- _PROVIDED ENTRIES_

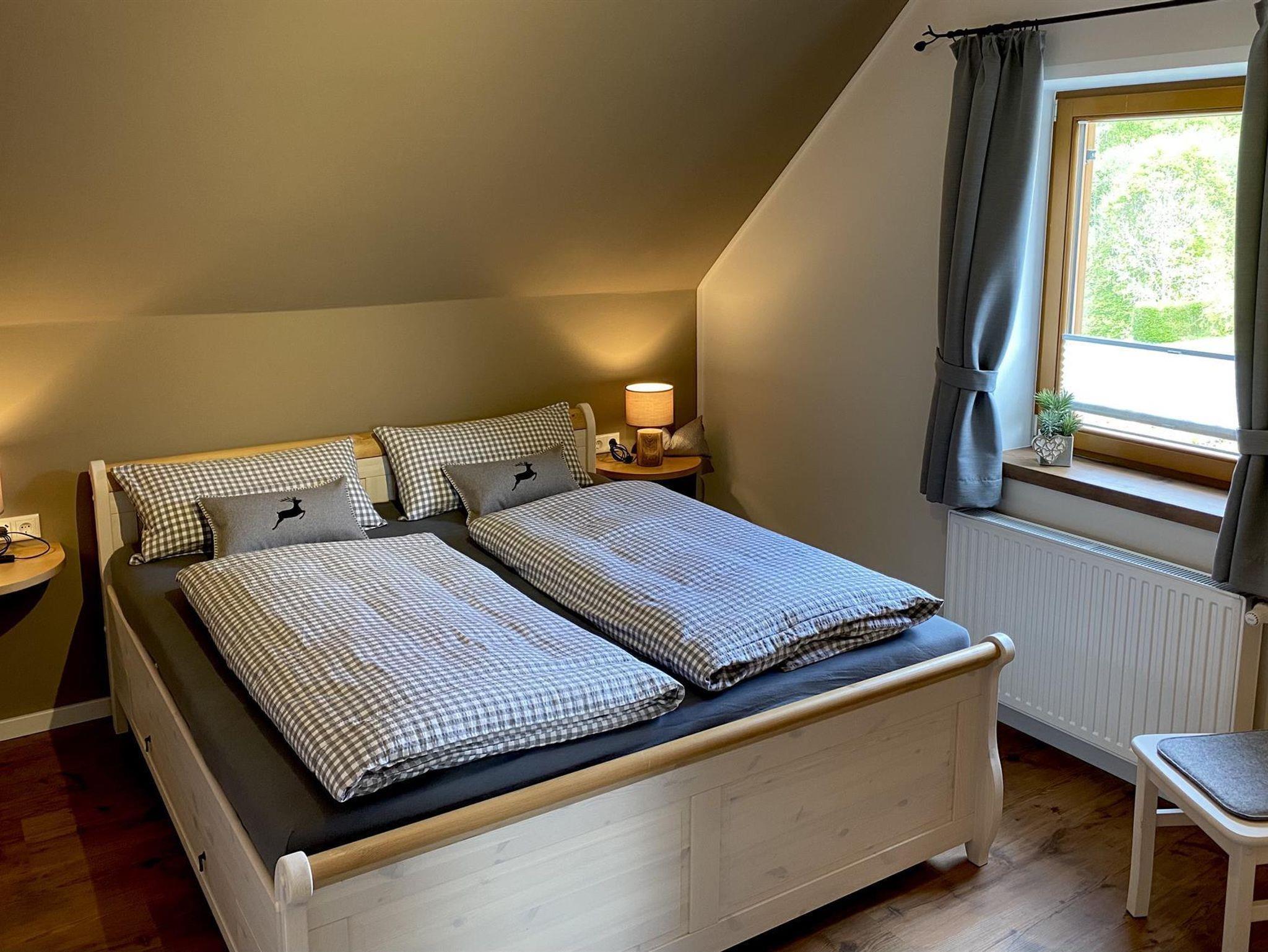 drei Schlafzimmer im Landhausstil mit Holzbodenoptik, Vollholzmöbeln und Doppelbett, liebevollen Details und Mansarde – zwei davon mit Balkon; allesamt mit Fensterläden zum Verdunkeln, zusätzliches Duschbad / WC mit Waschbecken;
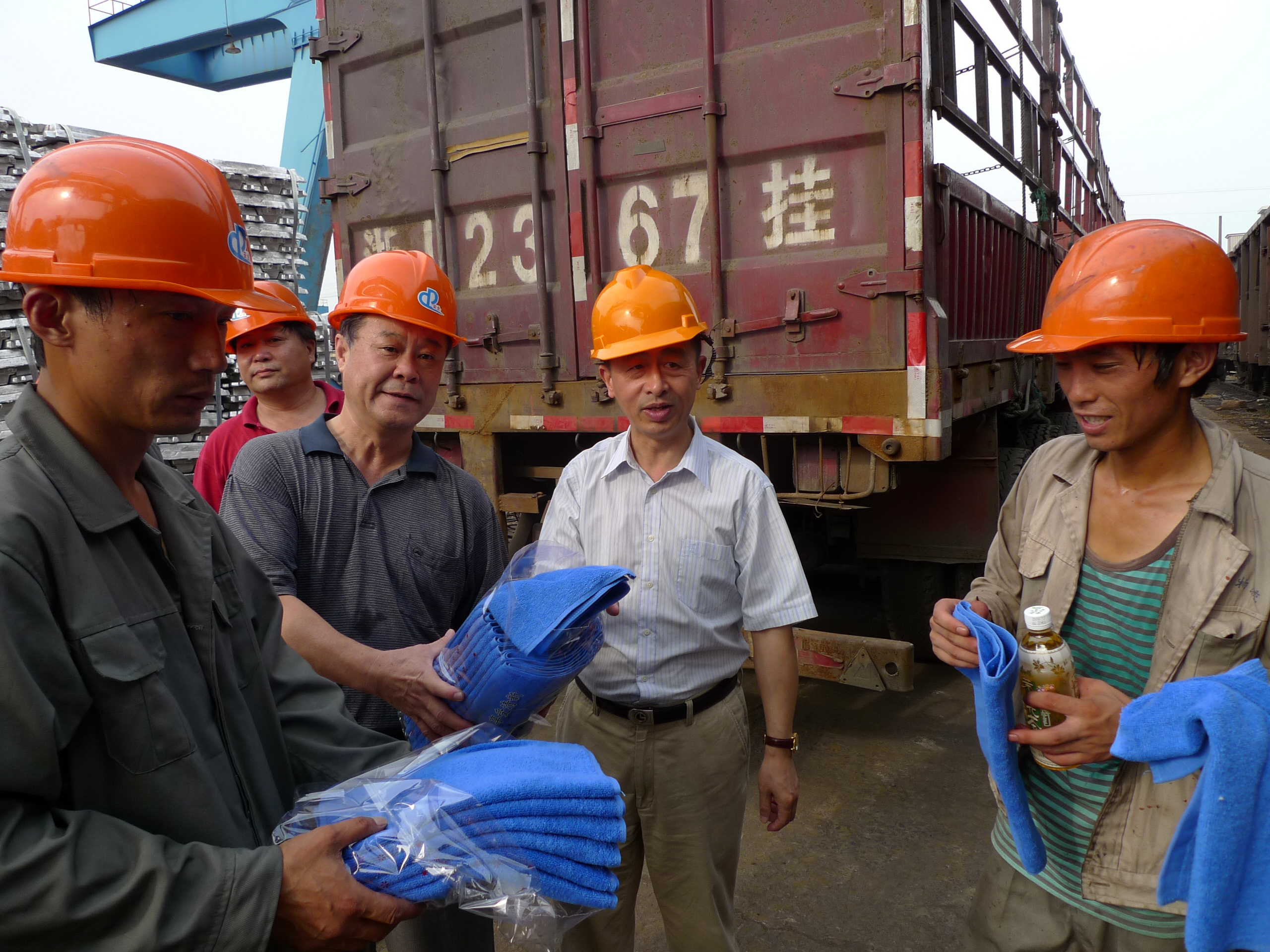 7月23日下午,集团公司胡仲鸣副总经理率集团总部安全管理人员,先后来到物产金属公司下属“浙金物流”半山仓库、物产民爆公司科研大楼等,检查落实夏季安全生产工作,并看望慰问冒着酷暑在露天作业的员工,向他们送去毛巾、清凉饮料等慰问品。
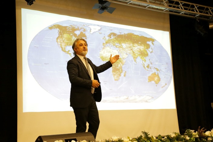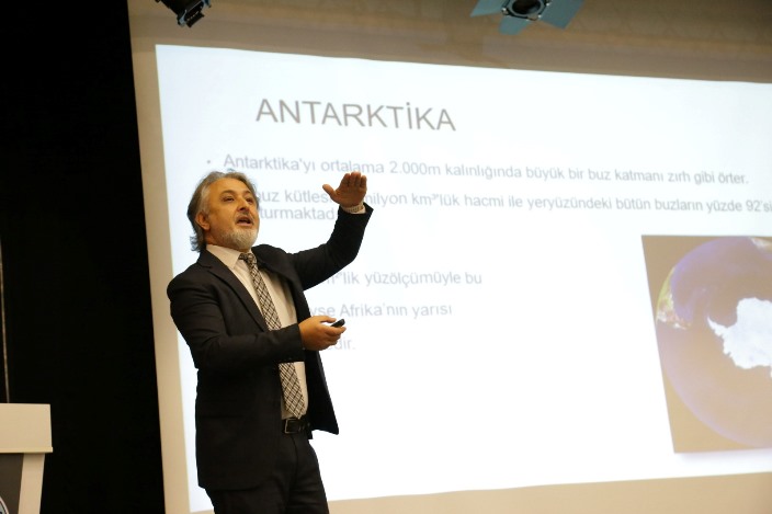 Antartika öyle bahtsız bir yer ki 2 milyon yıldır yağmur yağmamış kuru bir kıta. Antartika o kadar büyük bir yer ki Türkiye’nin 17 katı ve Avrupa’nın yaklaşık bir buçuk katı büyüklüğünde bir kıtadan bahsediyorum. Siz dünya haritasına baktığınızda ülkenizin 17 katı büyüklüğünde bir kıtanın dünyanın altında bulunduğunu fark ettiniz mi? Öyle bir kıta ki üzerinde bulundurduğu yapı itibariyle 2 bin metre ortalama yer kürenin üzerinde buz var ve bu buz yaklaşık 24 milyon kilometreküplük bir buzula tekabül ediyor. Dünya tatlı su rezervi burası; dünyadaki tatlı suyun %92’sine karşılık geliyor. Antartika bir kara kutu, dünyanın kara kutusu. Eğer dünyanın geçmişini, insanlığın tarihini öğrenmek istiyorsanız Antarktika’yı çözmeniz gerekiyor. Bu buzun her katmanındaki yapıyı tespit etmeniz gerekiyor.
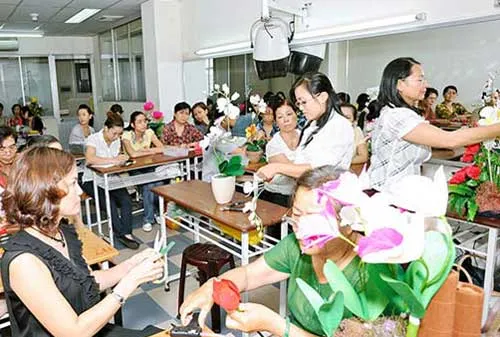Lớp học làm hoa giả tại Nhà văn hóa Phụ nữ TPHCM luôn thu hút đông chị em tham gia. Ảnh: cohoi
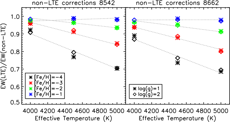 Figure 2: The ratio of LTE to full non-LTE equivalent widths for the different models for the second (8542 Å) CaT line in the left panel and the third (8662 Å) CaT line in the right panel. For the models with [Fe/H] < -2, non-LTE effects make significant contributions to the line-strength. The gray dotted lines indicate a simple fit to these values, using the metallicity and temperature of the model as input parameters. |

- _TASK DIRECTIONS_
Copy exactly the lines of the listing above between the one holding "7月23日下午,集团公司胡仲" and the one holding "Lớp học làm", inclusive; omit all pictures.

- _WRITTEN SOLUTION_
 7月23日下午,集团公司胡仲鸣副总经理率集团总部安全管理人员,先后来到物产金属公司下属“浙金物流”半山仓库、物产民爆公司科研大楼等,检查落实夏季安全生产工作,并看望慰问冒着酷暑在露天作业的员工,向他们送去毛巾、清凉饮料等慰问品。
 Antartika öyle bahtsız bir yer ki 2 milyon yıldır yağmur yağmamış kuru bir kıta. Antartika o kadar büyük bir yer ki Türkiye’nin 17 katı ve Avrupa’nın yaklaşık bir buçuk katı büyüklüğünde bir kıtadan bahsediyorum. Siz dünya haritasına baktığınızda ülkenizin 17 katı büyüklüğünde bir kıtanın dünyanın altında bulunduğunu fark ettiniz mi? Öyle bir kıta ki üzerinde bulundurduğu yapı itibariyle 2 bin metre ortalama yer kürenin üzerinde buz var ve bu buz yaklaşık 24 milyon kilometreküplük bir buzula tekabül ediyor. Dünya tatlı su rezervi burası; dünyadaki tatlı suyun %92’sine karşılık geliyor. Antartika bir kara kutu, dünyanın kara kutusu. Eğer dünyanın geçmişini, insanlığın tarihini öğrenmek istiyorsanız Antarktika’yı çözmeniz gerekiyor. Bu buzun her katmanındaki yapıyı tespit etmeniz gerekiyor.
Lớp học làm hoa giả tại Nhà văn hóa Phụ nữ TPHCM luôn thu hút đông chị em tham gia. Ảnh: cohoi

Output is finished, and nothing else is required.